Three practical strategies
Routine commits
Default weights (1.0 across OpenAI, Gemini, Grok, Anthropic). moderatorDecides. 5 rounds with adaptive early break. No tuning. The panel is balanced, the moderator handles disagreement, and you don't burn cognitive budget second-guessing weights. If Ollama is enabled, include it at 1.0. This is the config you reach for 80% of the time.
Security reviews
Switch to votingThreshold with a threshold around 2.0 (out of a weighted max of roughly 6-7). Boost Grok to 2.0. Leave OpenAI and Gemini at 1.0. Keep Claude at 1.0 as the moderator. The effect: a security finding that Grok raises and Claude agrees with clears the threshold even if the other two dismiss it. A security finding that only Grok raises still has a shot at surviving the vote, instead of getting dropped because two peers missed it.
Large refactors
Large refactors benefit from bestOfAll — every provider's findings appear, and you (or the host calling Joint Chiefs) decide what to act on. Weights are irrelevant here except as an on/off switch. If Gemini's long-context handling is what you need for the sprawl, make sure it's non-zero. If a provider's style is noisy on rename-heavy diffs, drop it to 0 for the duration of the refactor. The goal is coverage, not consensus.
Key takeaways
- Weights run from 0.0 to 3.0. Default to 1.0. Move them when you have a specific reason.

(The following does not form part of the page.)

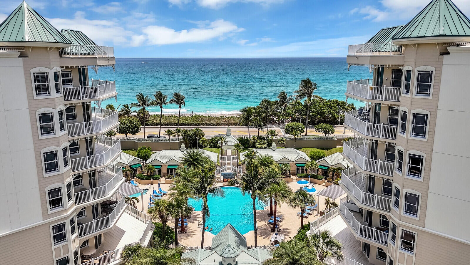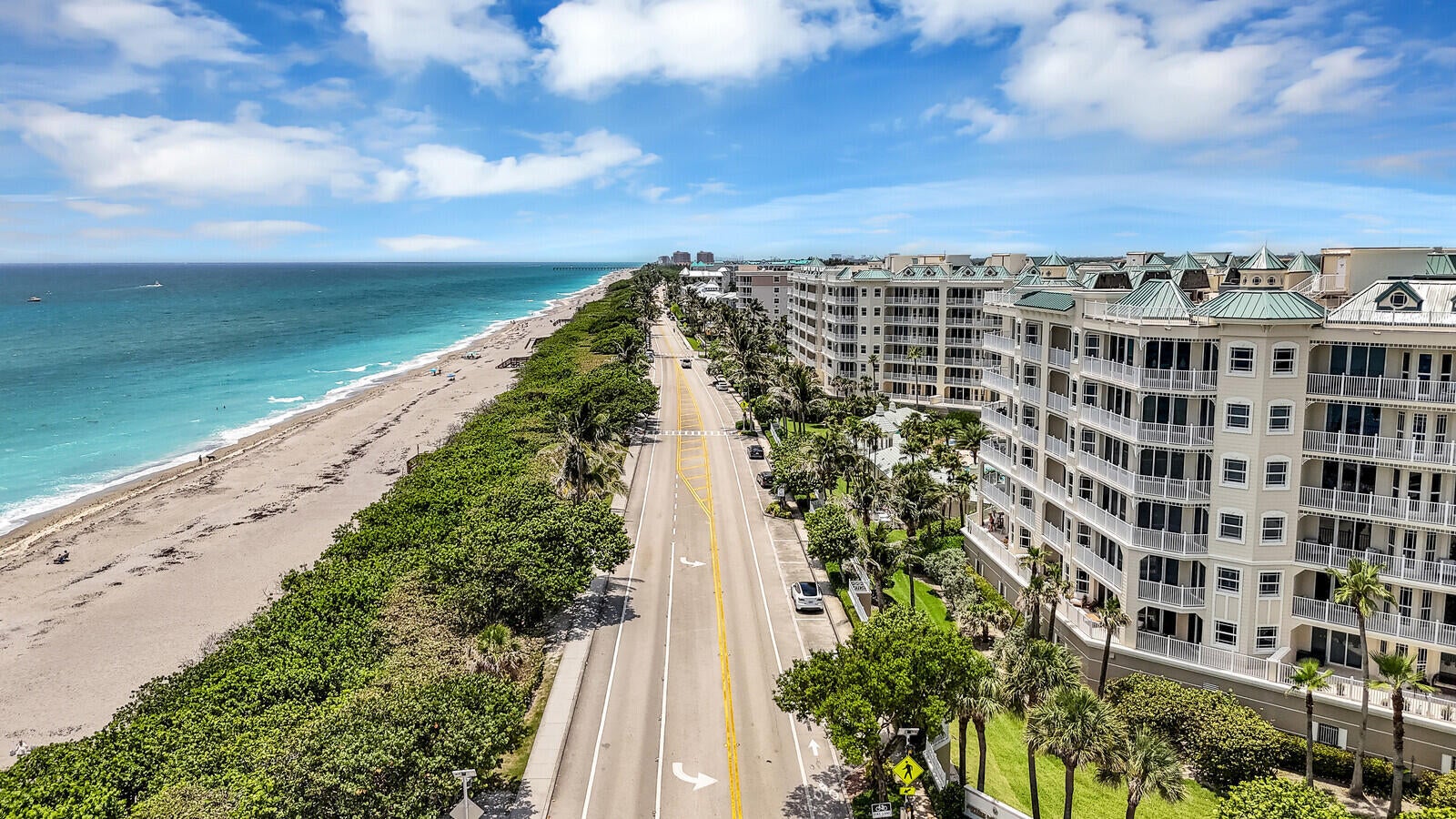 A RARE OCEAN GRANDE RESIDENCE WITH A DEEDED POOLSIDE CABANA!Experience elevated coastal living at 120 Ocean Grande Boulevard, Residence 302, a beautifully maintained condominium just shy of 2,500 square feet, located directly across from the Atlantic Ocean in one of Jupiter's most prestigious gated resort-style communities.This spacious residence offers 2 bedrooms, 2.5 bathrooms, and an oversized den, providing exceptional flexibility for a home office, media room, or additional living space. The home has been freshly painted and features tile flooring throughout, creating a light, bright, and move-in-ready interior.A large balcony connects the main living area and both bedrooms, delivering seamless indoor-outdoor living with ocean views from every primary space, perfect forentertaining or enjoying quiet coastal mornings. Each walk-in closet has been enhanced with brand-new California custom cabinetry, offering elevated design and exceptional organization. What truly distinguishes this offering is the deeded poolside cabana, one of only 16 in a community of 138 residences. Deeded separately, this 120 square foot, private cabana features a den and kitchen area with a refrigerator, microwave and tv on the wall for entertainment. Also featuring a full bathroom with a large shower to rinse off after a day at the beach. All providing an exclusive retreat just steps from the resort-style pool, ideal for relaxing, entertaining, or convenient beach and poolside living. Opportunities to own a residence with a cabana in Ocean Grande are exceptionally rare and represent a meaningful lifestyle and long-term value advantage. Ocean Grande residents enjoy an exceptional amenity package including a resort-style pool and hot tub, two fully equipped fitness centers, pickleball and tennis courts, and a large conference and club room overlooking the pool and spa, ideal for meetings, gatherings, or remote work. Additional features include two assigned parking spaces in a temperature-controlled garage, pet-friendly policies including large dogs, and beautifully maintained grounds with on-site management and security. Ocean Grande is renowned for its impeccable maintenance, luxury amenities, and premier location close to Jupiter's beaches, dining, and shopping. A rare opportunity to own a spacious coastal residence paired with one of the community's most coveted and limited amenities.

- Weight 0 kicks a provider out. Non-zero weights all include the provider identically at panel assembly.
- Vote math only applies in votingThreshold. In every other mode, weights above 0 are equivalent.
- Boost above 1.0 when the review topic matches a documented strength and you're running votingThreshold.
- Routine commits: all defaults, moderatorDecides. Security reviews: boost Grok in votingThreshold. Refactors: bestOfAll, weights as an on/off switch.
Frequently asked questions
What does a provider weight of 0.0 actually do?
It kicks the provider out of the panel. The model isn't called, no findings come back, no cost is incurred. Use it when a provider's style doesn't fit your codebase, when you want to dodge a rate limit, or when a provider has been throwing persistent false positives for your language or framework.
Do weights affect moderator-decides mode?
Only for inclusion. In moderatorDecides, the moderator reads every spoke finding and writes the synthesis based on argument quality, not vote counts. A weight of 2.0 doesn't double that provider's say — it just means the provider is in the panel. The vote math only bites in votingThreshold.
When should I push a provider above 1.0?
When the review topic matches a provider's strength and you're running votingThreshold. Security-heavy reviews are the common case for boosting Grok. Plumbing and conventional API code are the common case for boosting OpenAI. Don't boost without a specific reason.
Is setting a weight of 3.0 the same as running only that model?
No. Weight 3.0 triples the vote, but every other non-zero provider still runs. You still get the full debate. The weighting only changes how ties and thresholds resolve. For a single-provider review, set every other provider to 0.0.
Do weights change how the adaptive early break behaves?
No. The adaptive early break triggers on convergence — when spokes stop introducing new findings and positions stabilize. Weights don't touch it. A heavily-weighted provider's findings still have to be argued out before the panel can converge.
Can I change weights between reviews?
Yes. Weights live in the strategy config and can be changed per-run via the CLI, per-project via a local config file, or per-invocation through the MCP server's tool arguments. Nothing about weights is sticky across runs unless you write it to your config.